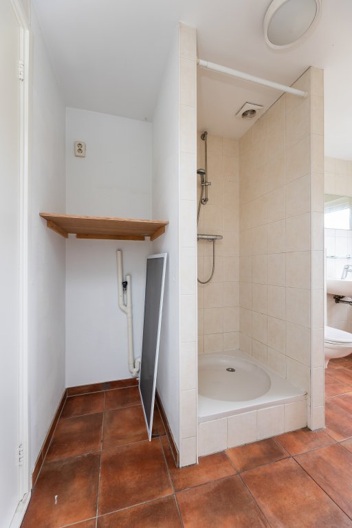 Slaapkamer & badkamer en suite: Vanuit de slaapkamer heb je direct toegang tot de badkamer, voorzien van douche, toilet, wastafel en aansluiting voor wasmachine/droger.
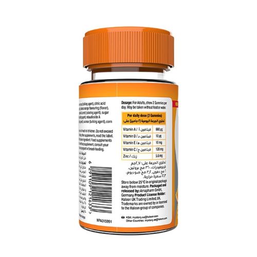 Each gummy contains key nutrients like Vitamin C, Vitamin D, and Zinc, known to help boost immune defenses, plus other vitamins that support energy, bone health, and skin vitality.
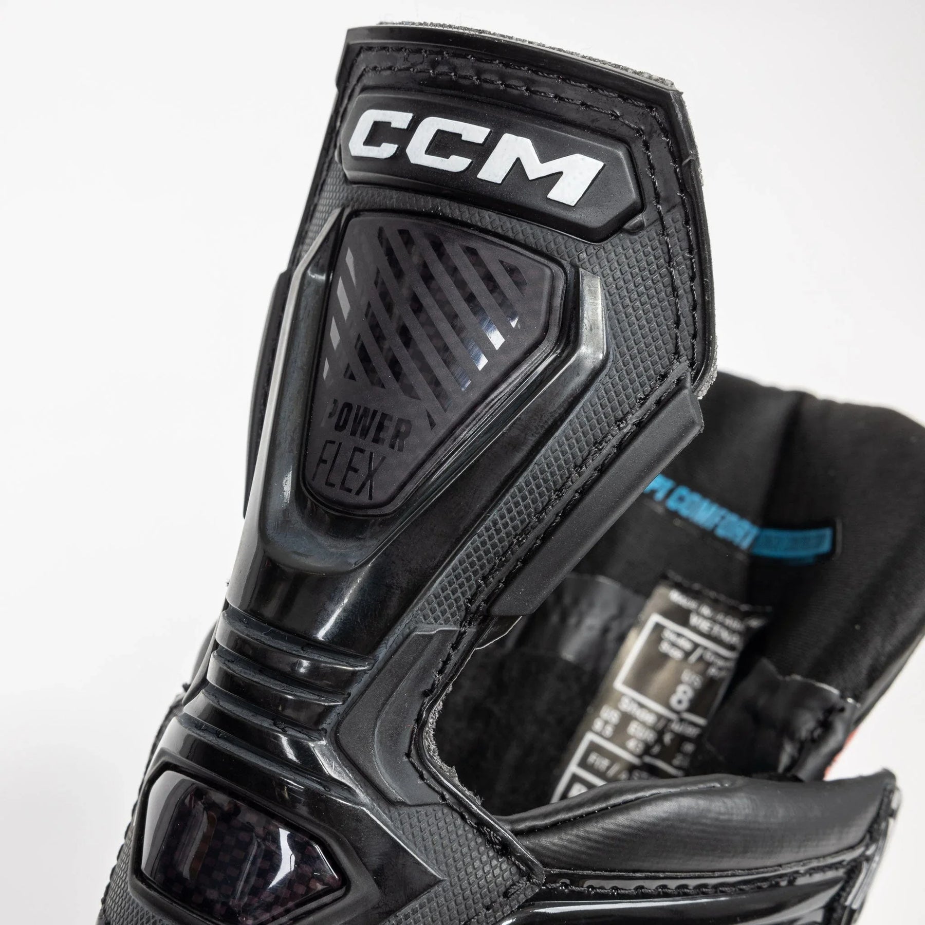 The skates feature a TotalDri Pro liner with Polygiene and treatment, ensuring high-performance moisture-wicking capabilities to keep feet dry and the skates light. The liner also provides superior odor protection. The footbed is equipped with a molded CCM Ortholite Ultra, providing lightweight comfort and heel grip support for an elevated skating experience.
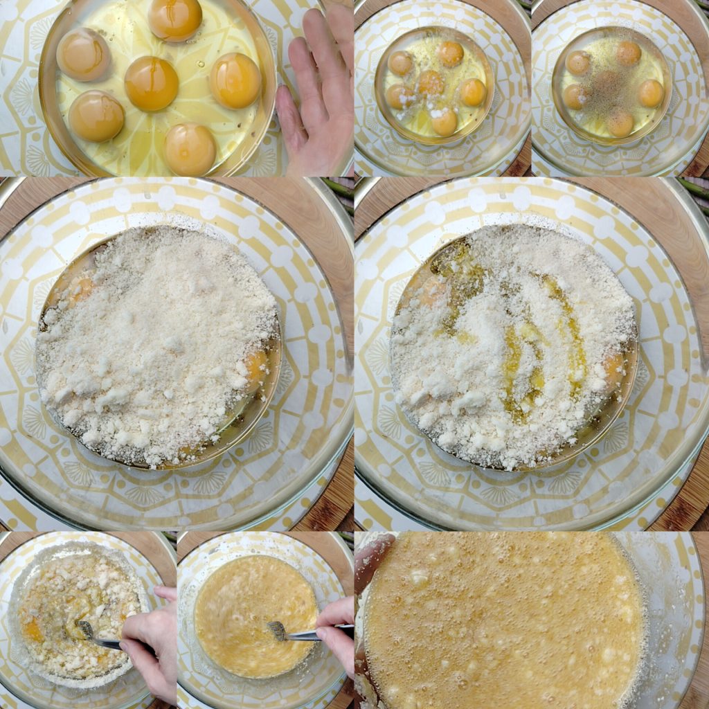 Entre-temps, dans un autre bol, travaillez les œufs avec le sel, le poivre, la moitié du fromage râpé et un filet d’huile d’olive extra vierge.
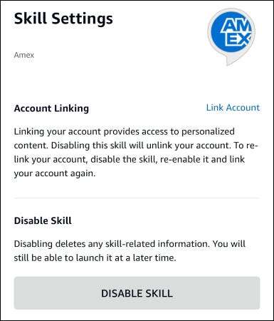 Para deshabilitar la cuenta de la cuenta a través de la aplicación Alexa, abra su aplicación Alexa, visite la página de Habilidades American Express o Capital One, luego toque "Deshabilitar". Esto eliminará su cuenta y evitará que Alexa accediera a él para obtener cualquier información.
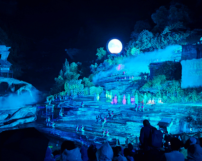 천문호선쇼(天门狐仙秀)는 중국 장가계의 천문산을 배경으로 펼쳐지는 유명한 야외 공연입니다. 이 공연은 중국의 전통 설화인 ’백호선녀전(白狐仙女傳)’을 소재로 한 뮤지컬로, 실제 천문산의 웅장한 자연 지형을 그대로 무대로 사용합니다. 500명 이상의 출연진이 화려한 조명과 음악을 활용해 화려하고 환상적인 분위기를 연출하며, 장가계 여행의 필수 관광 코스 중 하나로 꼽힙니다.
+++++
» **What is required**
Copy the data verbatim, skipping any image it holds.

» **Your solution**
 Slaapkamer & badkamer en suite: Vanuit de slaapkamer heb je direct toegang tot de badkamer, voorzien van douche, toilet, wastafel en aansluiting voor wasmachine/droger.
 Each gummy contains key nutrients like Vitamin C, Vitamin D, and Zinc, known to help boost immune defenses, plus other vitamins that support energy, bone health, and skin vitality.
 The skates feature a TotalDri Pro liner with Polygiene and treatment, ensuring high-performance moisture-wicking capabilities to keep feet dry and the skates light. The liner also provides superior odor protection. The footbed is equipped with a molded CCM Ortholite Ultra, providing lightweight comfort and heel grip support for an elevated skating experience.
 Entre-temps, dans un autre bol, travaillez les œufs avec le sel, le poivre, la moitié du fromage râpé et un filet d’huile d’olive extra vierge.
 Para deshabilitar la cuenta de la cuenta a través de la aplicación Alexa, abra su aplicación Alexa, visite la página de Habilidades American Express o Capital One, luego toque "Deshabilitar". Esto eliminará su cuenta y evitará que Alexa accediera a él para obtener cualquier información.
 천문호선쇼(天门狐仙秀)는 중국 장가계의 천문산을 배경으로 펼쳐지는 유명한 야외 공연입니다. 이 공연은 중국의 전통 설화인 ’백호선녀전(白狐仙女傳)’을 소재로 한 뮤지컬로, 실제 천문산의 웅장한 자연 지형을 그대로 무대로 사용합니다. 500명 이상의 출연진이 화려한 조명과 음악을 활용해 화려하고 환상적인 분위기를 연출하며, 장가계 여행의 필수 관광 코스 중 하나로 꼽힙니다.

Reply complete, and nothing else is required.